[Records drawn from a dataset]
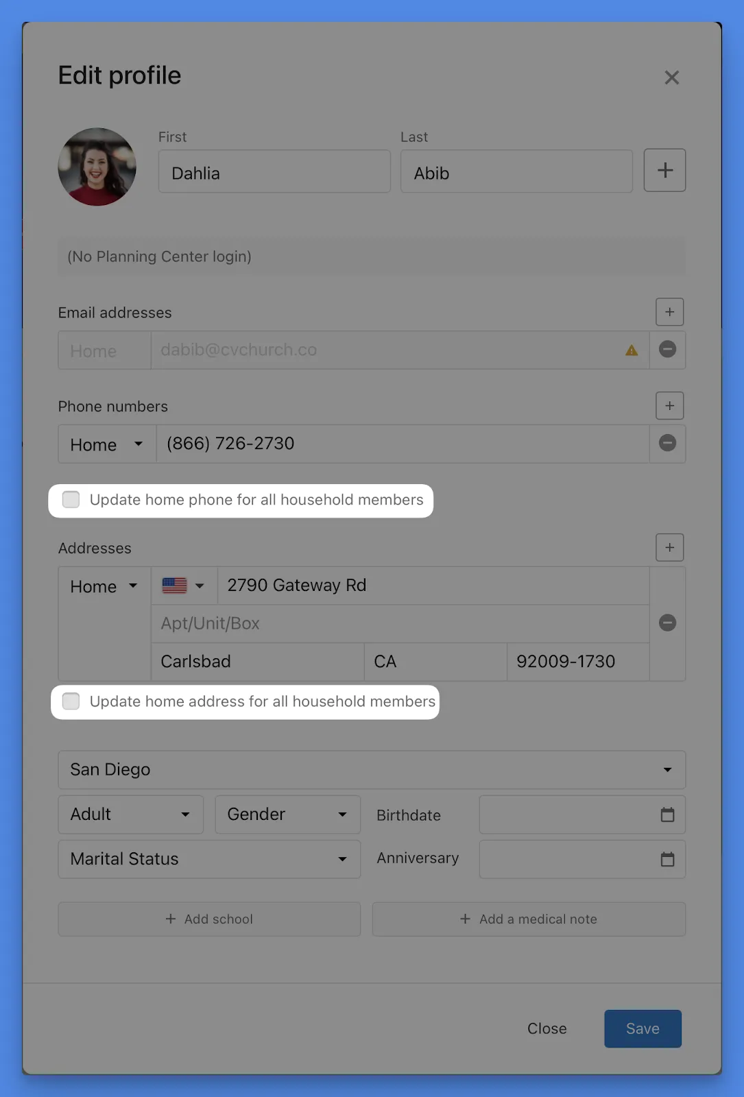 When editing a home phone or address for a profile, we dynamically show an "Update home X for all household members" checkbox. While convenient, we heard from many of you that this opt-out behavior sometimes caused accidental changes across households—especially when someone forgot to uncheck the box.
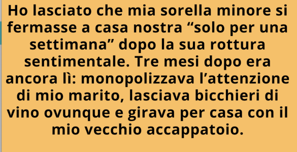 Avevo accettato che mia sorella minore restasse da noi “solo per una settimana” dopo la fine della sua relazione. Tre mesi dopo era ancora lì: monopolizzava l’attenzione di mio marito, lasciava bicchieri di vino ovunque...
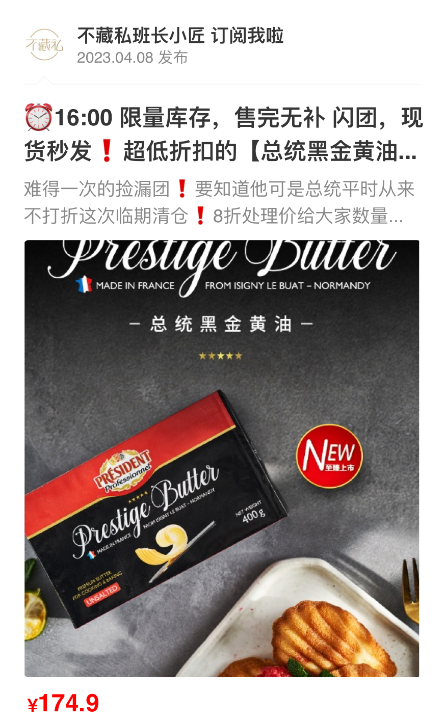 大家做面包越来越频繁的日子,可以适当囤点材料哦。最近咱们也挖到一些限时特价,像新良面粉大师系列,99元有6包!总统的黑金黄油折后均下来35元/块(400g)!都是拼手速的时候啦!戳下方图片立即开抢👇
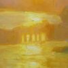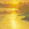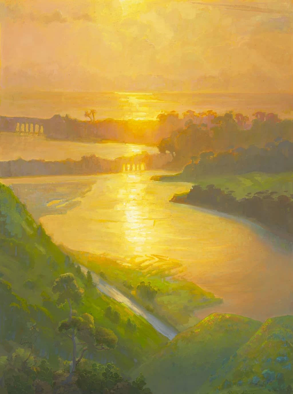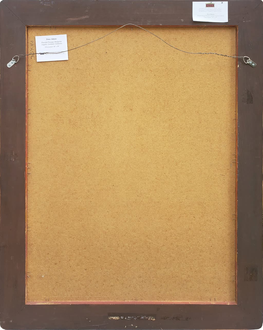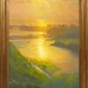 Peter Adams' flare for combining real places with dreamlike visions is exemplified in this plein air oil painting depicting the sun setting over the Pacific Ocean in Carlsbad, San Diego. Using a fusion of warm tones and high-key color notes, Adams creates a sublime scene with gorgeous brilliance and calming qualities.
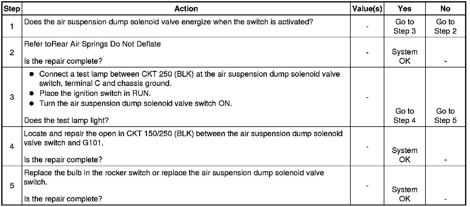Air Suspension Dump Indicator Inoperative
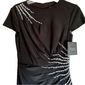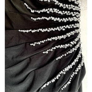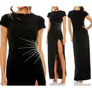 NWT Mac Duggal 11670 Slit Gown with Side Beaded Sequins Black Sz 8 $398
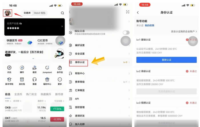 1.访问欧易APP(),完成手机/邮箱注册及三级身份认证流程

== What to work on ==
In your copy, every entry above must match word for word, and no picture may appear.

== Result ==
 When editing a home phone or address for a profile, we dynamically show an "Update home X for all household members" checkbox. While convenient, we heard from many of you that this opt-out behavior sometimes caused accidental changes across households—especially when someone forgot to uncheck the box.
 Avevo accettato che mia sorella minore restasse da noi “solo per una settimana” dopo la fine della sua relazione. Tre mesi dopo era ancora lì: monopolizzava l’attenzione di mio marito, lasciava bicchieri di vino ovunque...
 大家做面包越来越频繁的日子,可以适当囤点材料哦。最近咱们也挖到一些限时特价,像新良面粉大师系列,99元有6包!总统的黑金黄油折后均下来35元/块(400g)!都是拼手速的时候啦!戳下方图片立即开抢👇
 Peter Adams' flare for combining real places with dreamlike visions is exemplified in this plein air oil painting depicting the sun setting over the Pacific Ocean in Carlsbad, San Diego. Using a fusion of warm tones and high-key color notes, Adams creates a sublime scene with gorgeous brilliance and calming qualities.
Air Suspension Dump Indicator Inoperative
 NWT Mac Duggal 11670 Slit Gown with Side Beaded Sequins Black Sz 8 $398
 1.访问欧易APP(),完成手机/邮箱注册及三级身份认证流程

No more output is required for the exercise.